Another motivator to try to fix the VARATT/VARDATA macros was to allow developers to use those in their own extensions. Looking at some extensions in contrib we find e.g. `VARDATA_ANY` or `VARSIZE_ANY_EXHDR` being used quite a bit.

bear9628 · on March 21, 2024

No TLE support is a not a goal. Languages/extensions in Postgres should only be marked as trusted if you can guarantee that they do not access Postgres internals or even the file filesystem. With Zig and in pgzx in particular we can not guarantee this to be the case.

With pgzx we provide you a number of utilities on top of the C API. But depending on the extension you are working on you might heavily use the Postgres internals and their C APIs as is.

Postgres has support for a number of languages. Some having their own strenghts or weaknesses. One strength of Zig is its closeness to C, while providing a many quality of live improvements over C (optional types instead of null pointer, generic data structures, ...).
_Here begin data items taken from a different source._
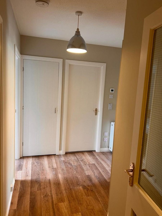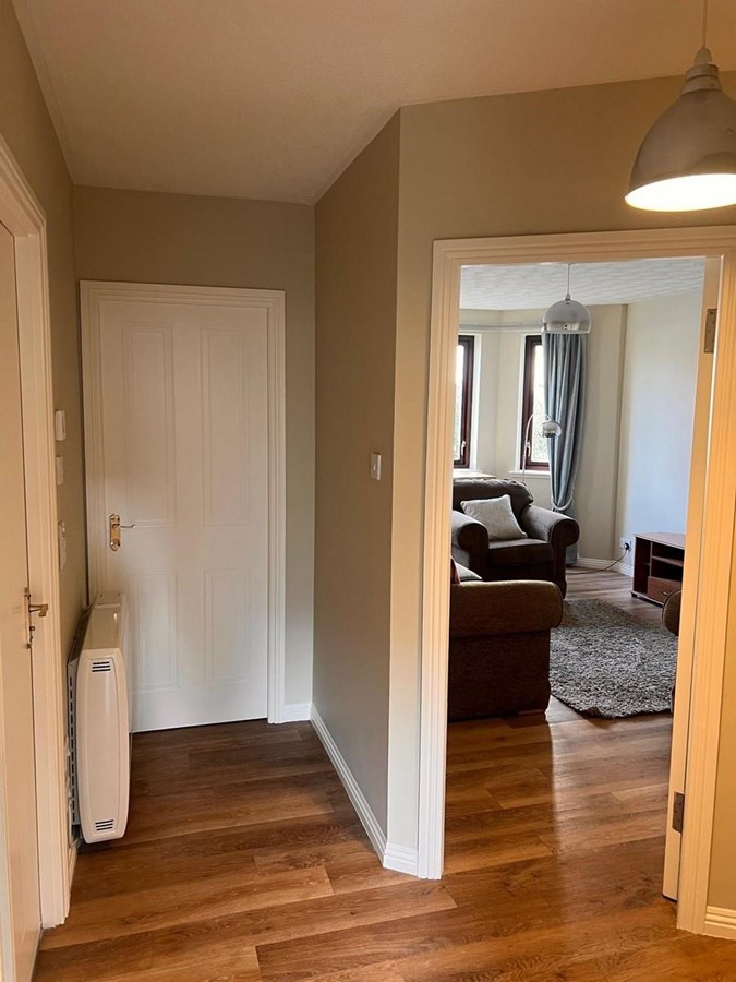 The property comprises a small entrance hallway leading through to the main hallway, off which all the rooms are accessed. There are two similar sized double bedrooms both of which have large walk-in wardrobes. There is a modern bathroom with basin, WC, bath with overhead shower and underfloor heating. The kitchen has been recently renovated and is equipped with a family size fridge freezer, microwave, washing machine, electric cooker and hob. The sitting room is bright with a large bay window. The flat also benefits from a private resident’s parking space in the communal area to the rear.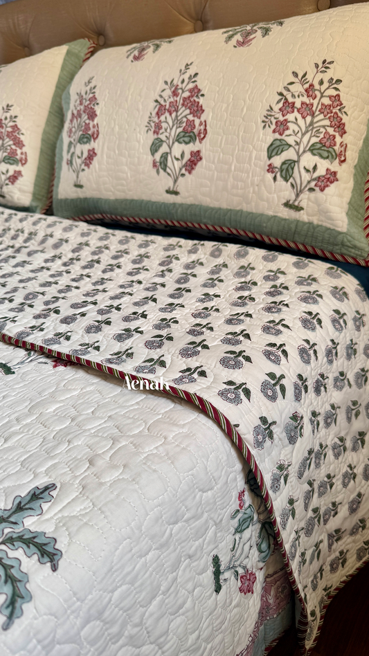 Pink Floral Green Palm Handblock Printed Reversible Quilted Bedcover Set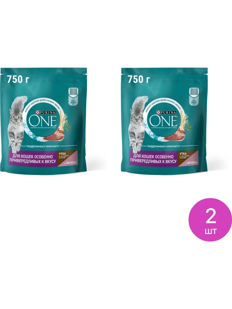 PURINA ONE Корм для кошек сухой Пурина Ван утка и печень, 750г, 2 шт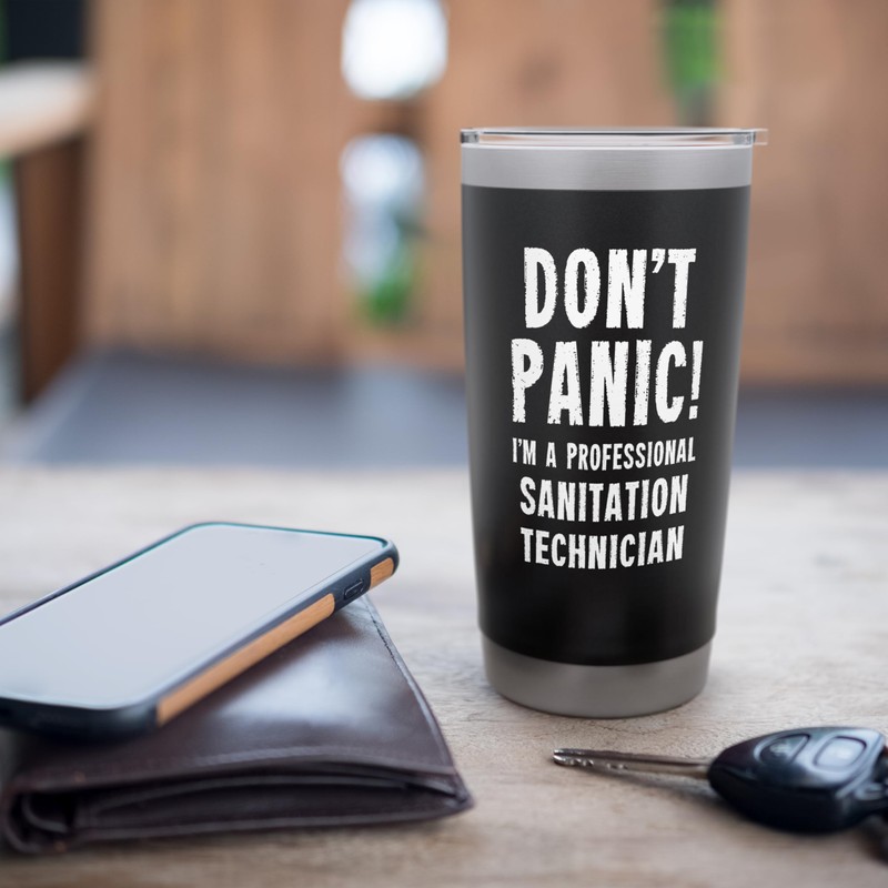 - A funny and unique gift idea for sanitation experts - "Don't Panic! I'm A Professional Sanitation Technician".

This makes it a formidable choice for extensions that want to integrate deeply with the Postgres internals.

anarazel · on March 21, 2024

If I suddenly had unlimited resources and attention, I'd really like to provide infrastructure to write trusted functions by running them via a webassembly runtime, with a small injected safe surface for accessing postgres functionality. That'd make it a lot easier to write trusted PLs in a variety of languages. Still probably needs a bit of per-language sugar on top, but a lot less than doing it from scratch.

Edit: Minor grammar fix

michelpp · on March 21, 2024

I don't know much about it, but I think this has been tried?

https://dylibso.com/blog/pg-extism/

Looking at the repo though it looks like it hasn't been updated in a while.

nilslice · on March 21, 2024

we're actually working on a new version of this, which _does_ support TLE! if you're interested, please join https://extism.org/discord and we can get you a preview.

bear9628 · on March 21, 2024

Oh wow, that is really cool.

bear9628 · on March 21, 2024

Hehe :)

I also have WASM in mind when thinking about future TLE support :)

pjmlp · on March 22, 2024

Oracle, IBM and Microsoft have been doing that for decades with JVM, CLR and TIMI, yet another use case where Webassembly is a follower.